Matt listed several challenges in achieving best practices. He cautioned that this is an emotional issue, and urged that the public take into account these reasons for which public officials may feel jaded about public engagement. Public participation laws do not adequately acknowledge the increasing use of online resources used by governments to promote public participation and by the public to civically engage. It is unclear how to apply laws to the many models of online participation. Given that online discussions have been shown to generate more acerbic comments than participants would say in face-to-face interactions, challenges in promoting civil discourse are paramount yet not regulable under the First Amendment. Matt pointed to the American Bar Association resolution to promote civil discourse, which encourages the legal community to promote civil discourse, as an example for a potential pathway to ameliorate the problem.
Towards promoting stronger and more relevant public participation laws, the Deliberative Democracy Consortium convened a working group on legal frameworks for public participation. The working group started with a preliminary question not asking what our laws should look like but rather what our public participation should look like. It drafted two documents: a model State Public Participation Act and a model Municipal Public Participation Ordinance. These were inspired by Alternative Dispute Resolution that puts forth principles to resolve legal disputes. By following this model, the working group was able to create a more permissive model of public participation. Finally, Matt urged that professionals in the field should concentrate on creating more engagement more broadly within our communities rather than more government structured and initiated engagement.

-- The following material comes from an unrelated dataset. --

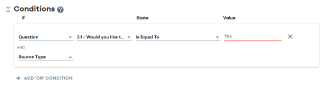 This section of the action item allows you to manage the conditional execution of it based on either a previous response, a contact attribute or a response property. You can combine 2 or more conditions using “OR/ AND” conditions by clicking on them. Please refer to our “Quick Start: Add a Condition to a Question”.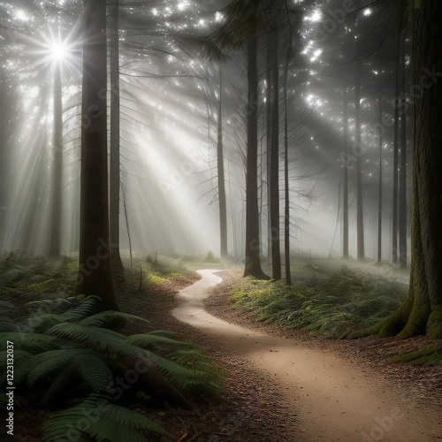 © Cameraman, Naklejka premium Forest, sun rays come through tree

Before closing, the audience divided in groups to discuss how they might begin to craft meaningful public participation opportunities. The ideas included reducing the number of units of government to make monitoring of government bodies in the state more manageable, and building a stronger culture of engagement through targeted outreach and information dissemination about the processes for public participation and the areas of need for it, as well as partnering with organizations comprised of public officials to create workshops in which public officials may learn to value public engagement with an eye on the issues and not on personalities.
Note: Making Public Participation Legal is a helpful report that was produced following the event described above.